I, too, find impermanence to be comforting. I’m guessing in the same way you do.
I admire your ability to put into words the thoughts and feelings you’re experiencing. I went to many funerals as a girl then teenager. No one cried. That was not how proper WASPs handled grief. Better to ignore it and get on with things. I’ve relaxed into the ability to grief now, but it is almost a conscious effort to do so. I am glad you had the time you did this summer with your daughter, but onward she must go. Letting go of people is difficult, but that is growth, something we all have to accept if we are to live whole, not broken.
Ally Bean recently posted…The One About The Deck Stairs Betraying Us [No One Was Hurt]
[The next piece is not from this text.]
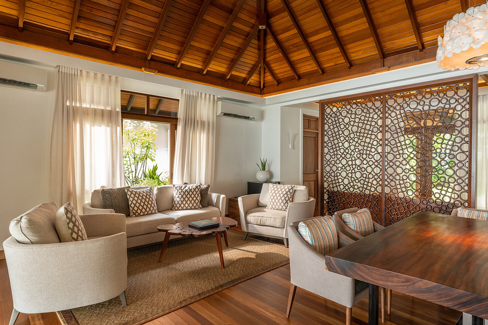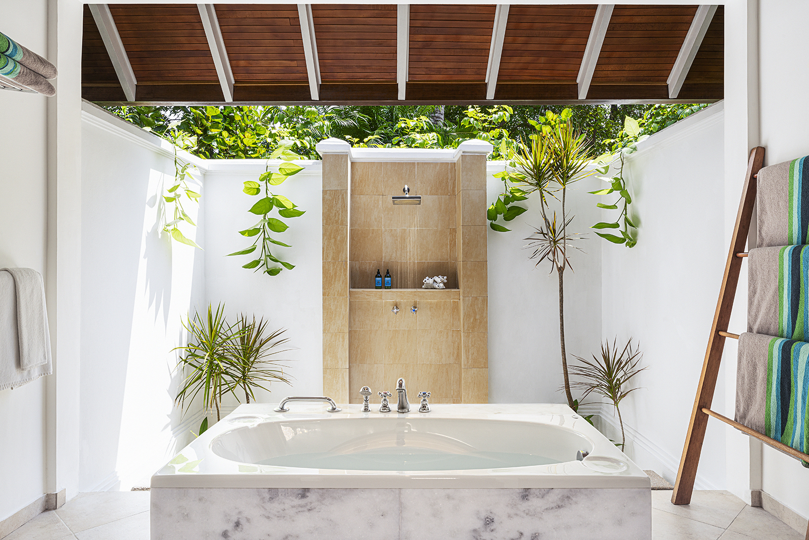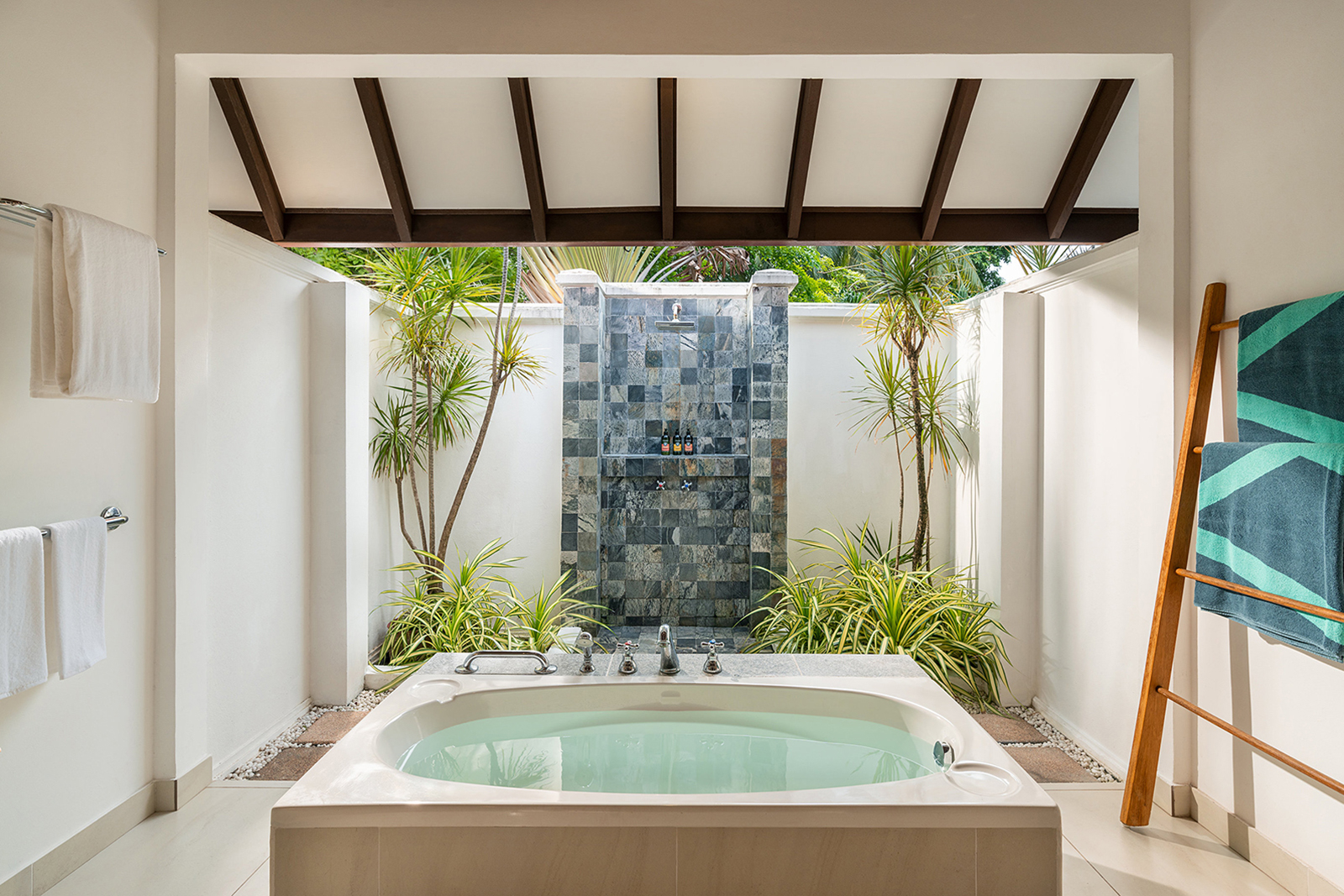 Escape to a shaded verandah, steps from the azure sea. Surrounded by lush greens and blooms, Café is the island’s perfect spot to unwind.

Yeah, letting go is hard, and necessary. I have grumbled more than once that she grew up just how I raised her to be. Dammit. And thank goodness.
One of my favorite things about your blog is that it reminds me to really appreciate these moments with the awesome people I have under my roof.
I’m fortunate enough to have two grandparents still living, but we moved to Wisconsin in my teen years and I miss both the living and the gone so much and I still tease/needle my mom that I moved to this town to be with them and then ten years later they up and move to the opposite side of the state.
I’m comforted by the idea that many have done this before and many will do it again and nothing is really new even when it feels so…hard and personal.
2020 has just been full of so many different kinds of grief. I think that all intermingle and layer and everything feels connected by 2000 different threads. I appreciate what you write here. You have a way of weaving all the threads together beautifully.
I’m not sure why I didn’t respond to this sooner. The last two weeks have been foggy. I, too, miss the living and the gone so much. I struggle with knowing that “nothing is really new”–I know I am not special in my experiences and pains and joys–and yet, it’s all new to me. I think lately I’ve just been feeling worn out from it all.